▶ [EXERCISE BRIEF]:
Pictures stay out; everything else in the listing below is to be restated word for word.

▶ [GIVEN DATA]:
————

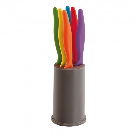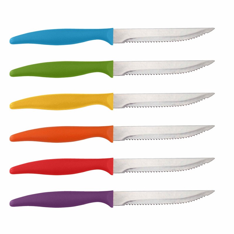 Un pack de 6 couteaux à steak de la marque Française Kitchen Artist de Livoo. Multi-couleur avec support original en plastique.
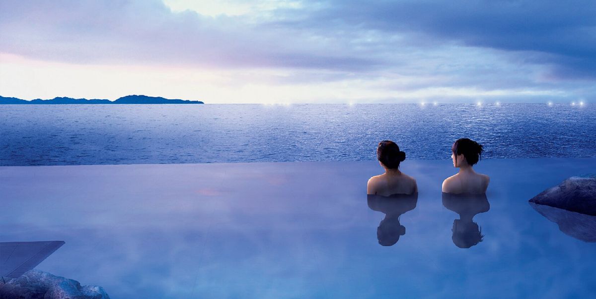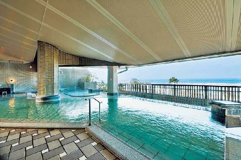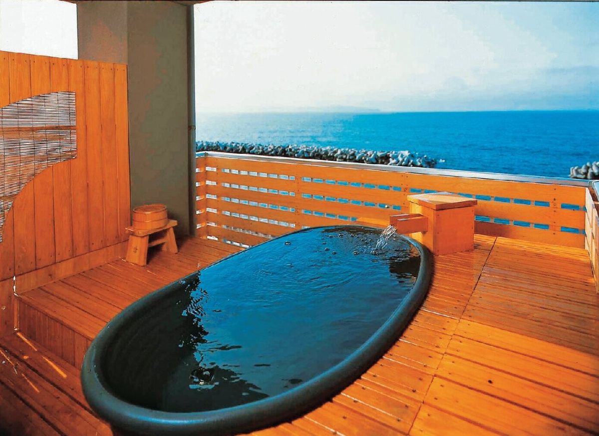 海沿いに位置し、全室がオーシャンビュー。大浴場と露天風呂はもちろん、貸切露天風呂(40分3300円)と貸切家族風呂(40分2200円)も天然温泉かけ流しです。
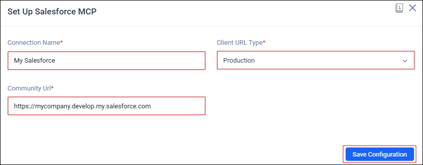 Click Save Configuration. A pop-up will display. Authenticate your org.

————

▶ [RESULT]:
 Un pack de 6 couteaux à steak de la marque Française Kitchen Artist de Livoo. Multi-couleur avec support original en plastique.
 海沿いに位置し、全室がオーシャンビュー。大浴場と露天風呂はもちろん、貸切露天風呂(40分3300円)と貸切家族風呂(40分2200円)も天然温泉かけ流しです。
 Click Save Configuration. A pop-up will display. Authenticate your org.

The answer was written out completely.